Researchers Find ‘Anonymized’ Data Can Easily Be Combined With Leaked Personal Information From Major Data Breaches vice.com

Karl Bode, Vice:

Dasha Metropolitansky and Kian Attari, two students at the Harvard John A. Paulson School of Engineering and Applied Sciences, recently built a tool that combs through vast troves of consumer datasets exposed from breaches for a class paper they’ve yet to publish.

“The program takes in a list of personally identifiable information, such as a list of emails or usernames, and searches across the leaks for all the credential data it can find for each person,” Attari said in a press release.

They told Motherboard their tool analyzed thousands of datasets from data scandals ranging from the 2015 hack of Experian, to the hacks and breaches that have plagued services from MyHeritage to porn websites. Despite many of these datasets containing “anonymized” data, the students say that identifying actual users wasn’t all that difficult.

There is probably no reason why a massive company would want to identify an individual person, but there is every reason why they would want to find many individual persons. Advertising, marketing, and analytics companies routinely flout the difference between targeting users in very small groups and targeting them individually.

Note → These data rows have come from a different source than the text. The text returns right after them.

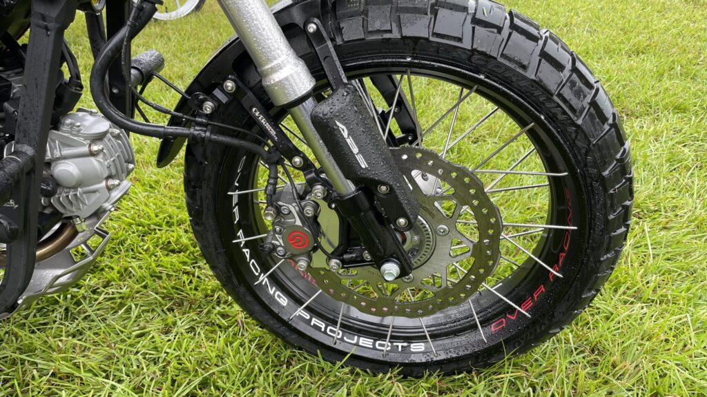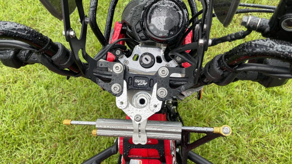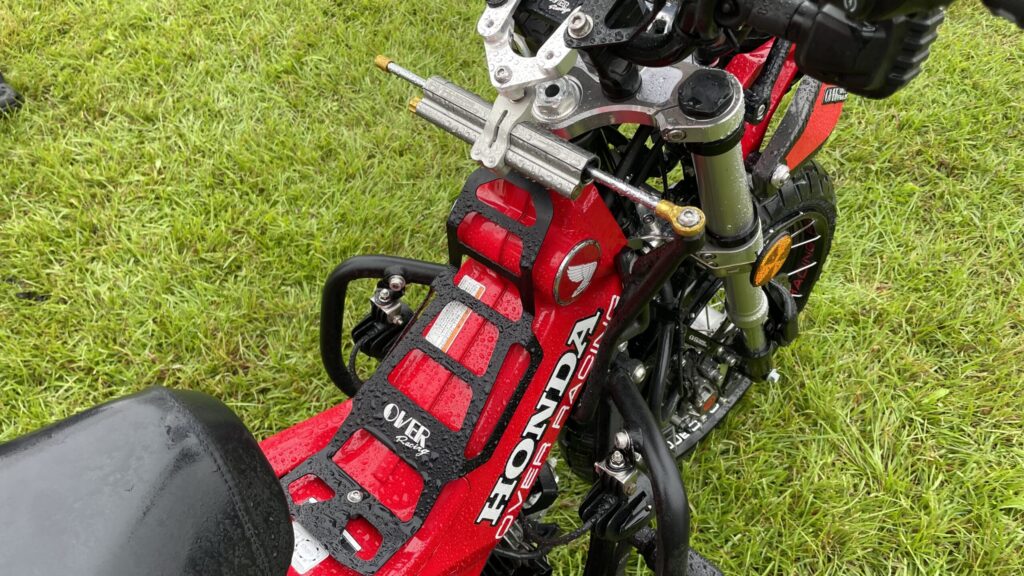 ハンターカブにアップフェンダーを取付すると、タイヤが細いままだと見た目が微妙な感じになりますが、OVERRacingのホイールを装着する事で全体的なバランスが整います。
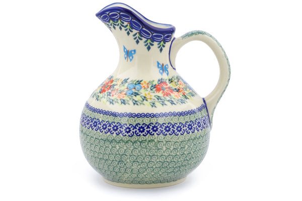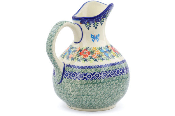 This Ring Of Flowers 5 Cup Pitcher was handmade and hand decorated in Boleslawiec, Poland by skilled artisans according to old traditional methods. This is a Polish pottery Signature Unikat, which means that it has been hand painted with both sponges and brushes and it is signed by the artist who painted it. Unikat pieces are the most intricate works of art. Larger Unikat items take hours of very careful work to finish. This Polish stoneware is microwave, dishwasher, freezer, and oven safe up to 480°F. It does not contain lead or cadmium. It is part of the Ring Of Flowers Collection.
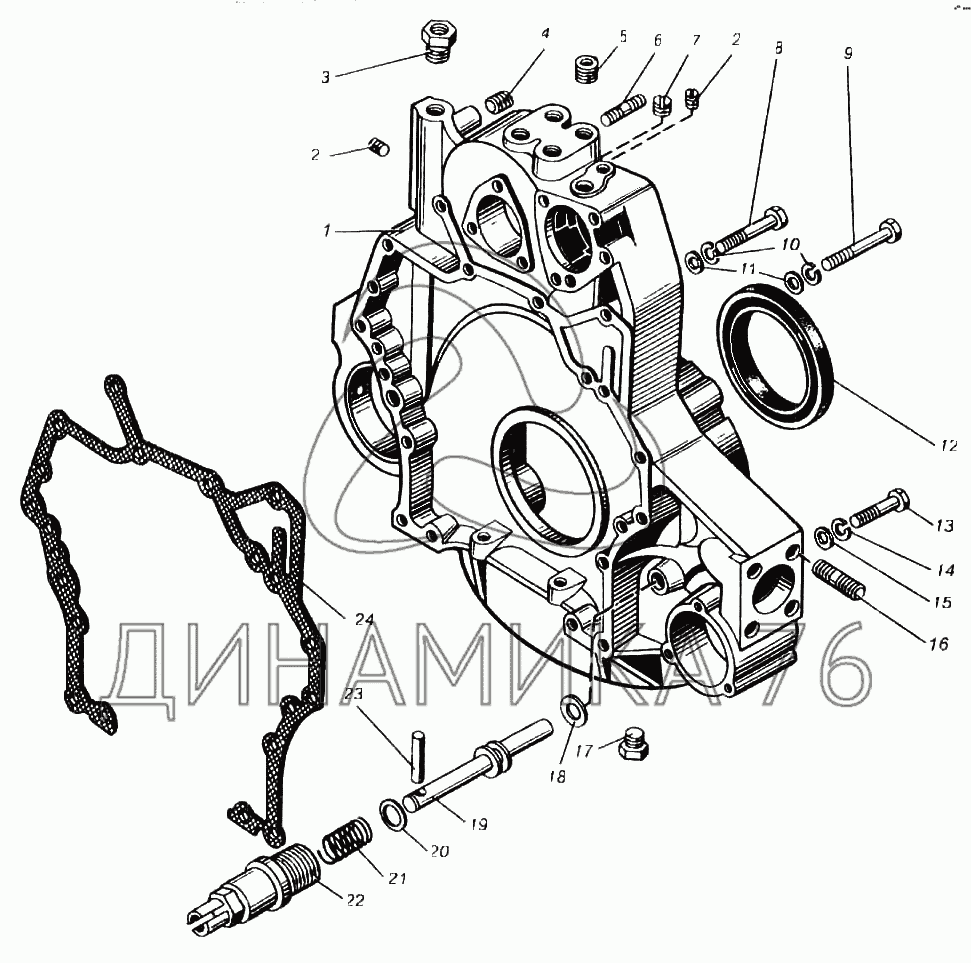 Перечень комплектующих от Картер маховика двигателя ЯМЗ-8423.10 на К-702МВА
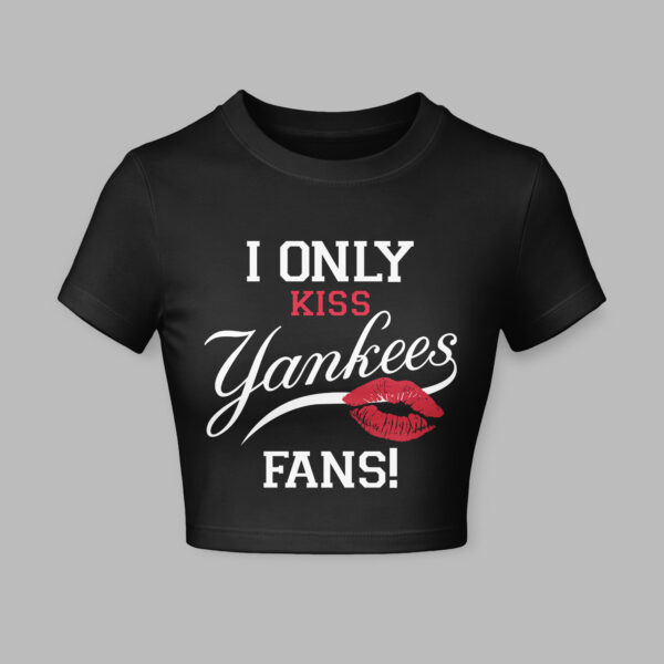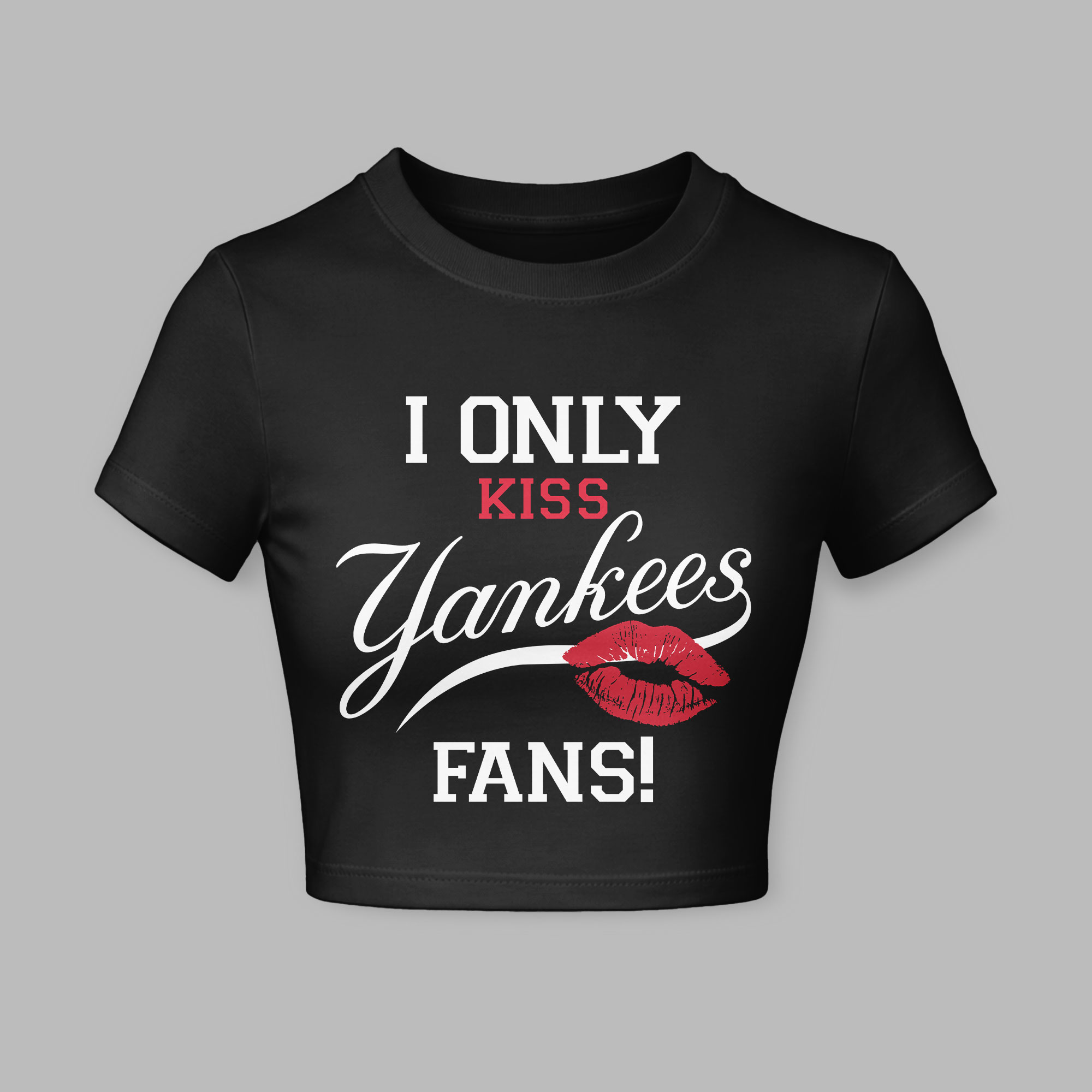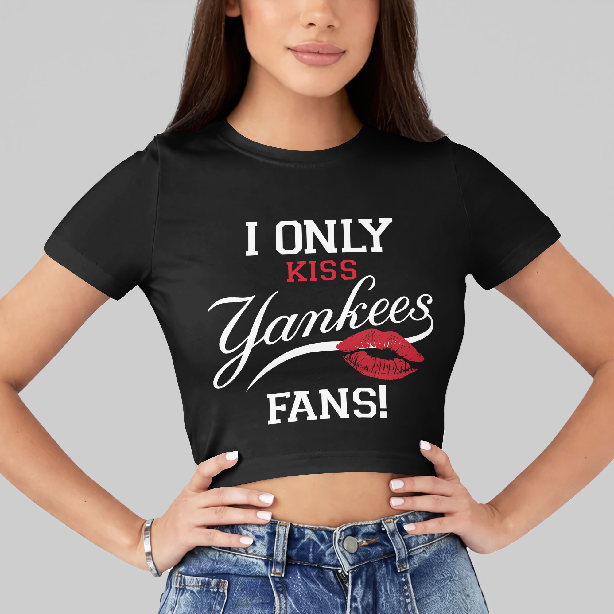 Show off your Bronx Bomber pride with a playful twist. This New York Yankees tee is for the most dedicated fans who aren’t afraid to state their loyalty loud and clear. It perfectly blends team devotion with a fun, spirited attitude that is ideal for any fan gathering or patriotic celebration. The design features bold collegiate lettering on the front reading I ONLY KISS Yankees FANS! accented by a vibrant red lip graphic. The team name pops in a classic white script with a sharp swoosh underline. The back is finished with the iconic MLB logo at the nape, marking your official fan status with a clean and professional touch. Grab this top for game day at the stadium, summer ballpark hangouts, or Independence Day festivities. It is a versatile piece that moves from the stands to everyday wear, ensuring everyone knows exactly where your heart and your loyalty lie.
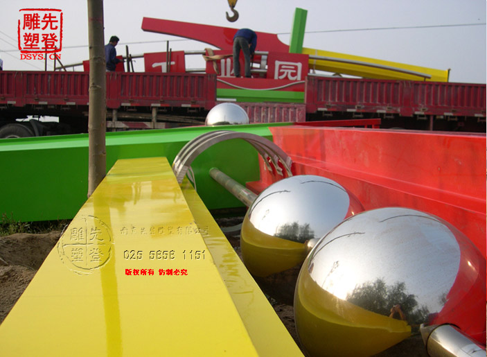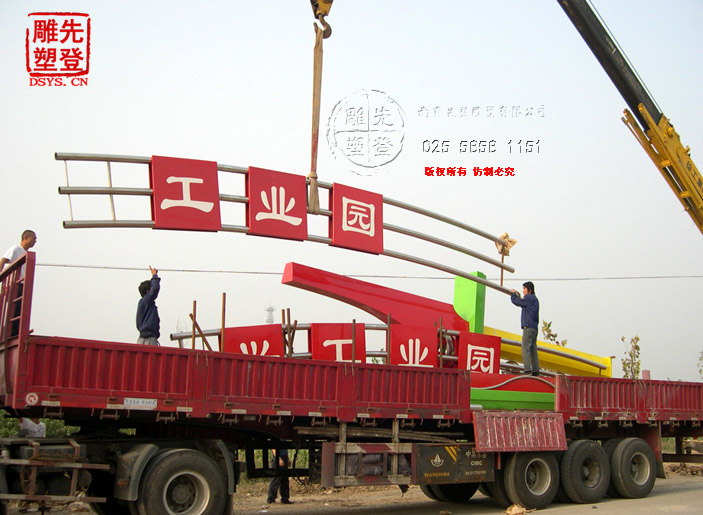 成功案例:不銹鋼大門雕塑安裝于天津市武清區(qū)陳咀鎮(zhèn),高度10米,跨度15米,不銹鋼大門雕塑

That’s gross — and there are far more dangerous possibilities for those who may have vast troves of personal details individually linked.

The studies compiled by Bode show why:

  • it is vital for the least possible amount of information to be given to any company;

  • there should be limits on how long non-offered data may be stored;

  • anything retained must be encrypted;

  • there must be serious repercussions for failing to adequately secure data, even if no breach has occurred; and,

  • individualized data must generally be devalued.